Versioning on a DirectQuery connector is less powerful than on a Datastore.

Old versions access

Not all external databases support native versioning (i.e. time travel). For these databases you can only query the last snapshot of the data.
Non-time travel databases are subject to de-synchronization issues (see heading below).

info

To avoid such issues, it's possible to set up a mechanism to emulate time-travel.

DatabaseNative Time travel SupportEmulated Time travel Support
Amazon Redshiftticktick
ClickHouseticktick
Databrickstick (not on views)tick
Dremioticktick
Google BigQueryticktick
Microsoft Azure Synapseticktick
Microsoft SQL Serverticktick
Snowflaketick (not on views except dynamic table)tick

By default, time travel is enabled on the databases supporting it. However it is possible to disable it in the Database Settings when building the application.

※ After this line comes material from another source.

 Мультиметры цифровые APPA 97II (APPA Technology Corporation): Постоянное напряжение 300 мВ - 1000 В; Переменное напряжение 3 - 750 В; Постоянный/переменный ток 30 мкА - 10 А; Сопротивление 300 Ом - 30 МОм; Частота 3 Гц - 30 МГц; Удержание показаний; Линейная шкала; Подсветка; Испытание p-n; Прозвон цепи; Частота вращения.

final BigqueryDatabaseSettings databaseSettings =
BigqueryDatabaseSettings.builder().useNativeTimeTravel(true).build();

final Application app =
Application.builder(connector)
.schema(schema)
.managerDescription(managerDescription)
.databaseSettings(databaseSettings)
.build();

Time travel discoveries

DirectQuery will run discovery queries on the database to gather the information about the last modification on the tables. In theory, these queries should be fast as they just request some metadata. However, they can sometimes be slow on some external databases and they can even timeout. It is possible to set a specific timeout for the time travel discovery queries to avoid this issue:

final BigqueryDatabaseSettings databaseSettings =
BigqueryDatabaseSettings.builder()
.timeTravelDiscoveryQueryTimeout(Duration.ofMinutes(1))
.build();

final Application app =
Application.builder(connector)
.schema(schema)
.managerDescription(managerDescription)
.databaseSettings(databaseSettings)
.build();

Data refresh

Unlike the datastore, external databases are not able to push data change event.
The user must warn the DirectQuery connector that a new version of the data is available.

There are two ways to do this :

  • If you do not know the scope of the change, you can trigger a full refresh.

app.refresh();

caution

A full refresh is a costly operation because it implies to rebuild all hierarchies and aggregate providers.

info

During these operations, the cube is still queryable.

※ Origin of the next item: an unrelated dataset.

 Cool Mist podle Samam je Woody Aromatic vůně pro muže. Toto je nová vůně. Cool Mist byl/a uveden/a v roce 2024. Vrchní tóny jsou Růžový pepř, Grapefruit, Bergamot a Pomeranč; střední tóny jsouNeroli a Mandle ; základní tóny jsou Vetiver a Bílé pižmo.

De-synchronization issue with non-time travel databases

Atoti cube leverages database streams to maintain some versioned data structures:

  • Hierarchy member tree
  • Aggregate providers

Aggregate providers are used to store already computed primitive measures.

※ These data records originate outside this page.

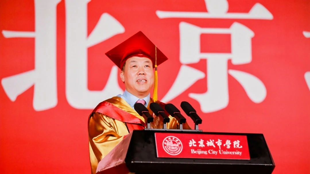 刘林校长带领毕业生回顾了北城建校40年来“改革探索、勤奋进取、艰苦创业、开拓前进”的奋进历程,希望毕业生们从学校的历史、文化中进一步汲取精神的力量,向即将踏上新征程的毕业生们殷切寄语:“改革探索,秉持锐意创新的精神;勤奋进取,秉持永远向上的心态;艰苦创业,秉持永不言弃的毅力;开拓前进,秉持一往无前的勇气”。他希望同学们走上社会以后,要勇毅向前、向前、再向前,不断攀登人生的新顶点。
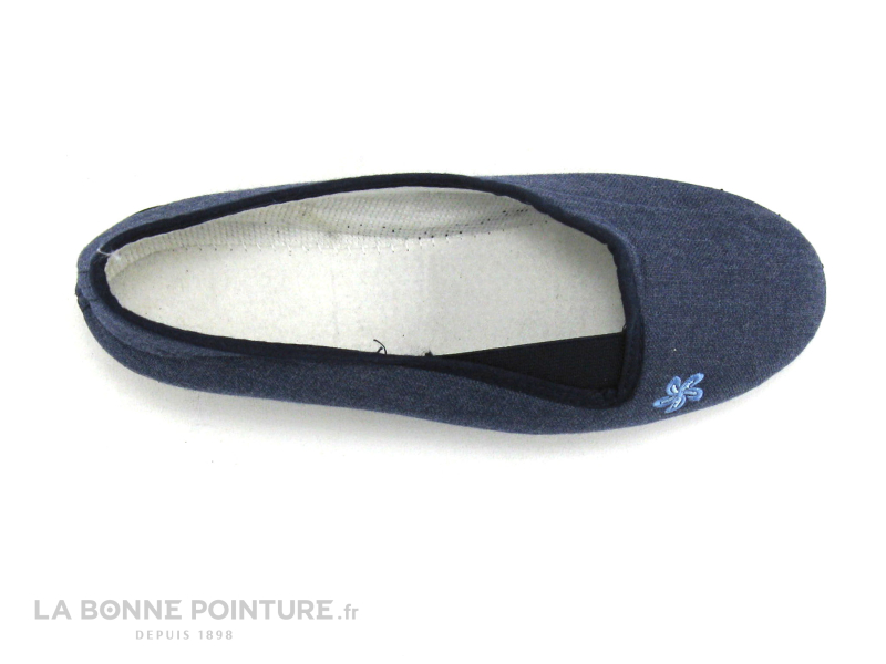 Cette pantoufle Femme pas chère est en toile bleue, ornée d’une jolie fleur bleu clair.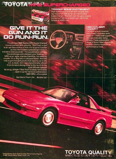 此车的外观仿照法拉利F355设计,坊间则管MR2叫穷人的法拉利。

De-synchronization between Atoti data structures and the external database

On a database that does not support time-travel, on data change and before the refresh of the application, aggregate providers are not up-to-date.
So the measures computed from the primitive measures of aggregate provider are outdated too.
However, measures which are not computed from aggregate provider measures (i.e. computed by a database query) are up-to-date.
This could lead to inconsistent results if you are mixing up outdated and up-to-date measures.

For instance, let's take an initial version V1 and an update in the database changing the data to a new version V2.
Before triggering the refresh in Atoti application, the aggregate provider is still in state V1 but the database connector has no more access to the V1 data.
The connector will return the data from the current state of the database (which is V2).

De-synchronization between Atoti data structures themselves

The previous problem can also occur between the different Atoti data structures on databases that do not support time-travel. For instance, as the queries to feed a specific aggregate provider and the queries to feed other data structures (other aggregate providers or hierarchies) are not executed at the exact same time, they can retrieve data from the external database that do not match if there was an update in-between.

caution

When starting-up or refreshing an application, one should be careful not to update the data in the external database at the same time if time-travel is not used.

Branching

DirectQuery databases do not support branching.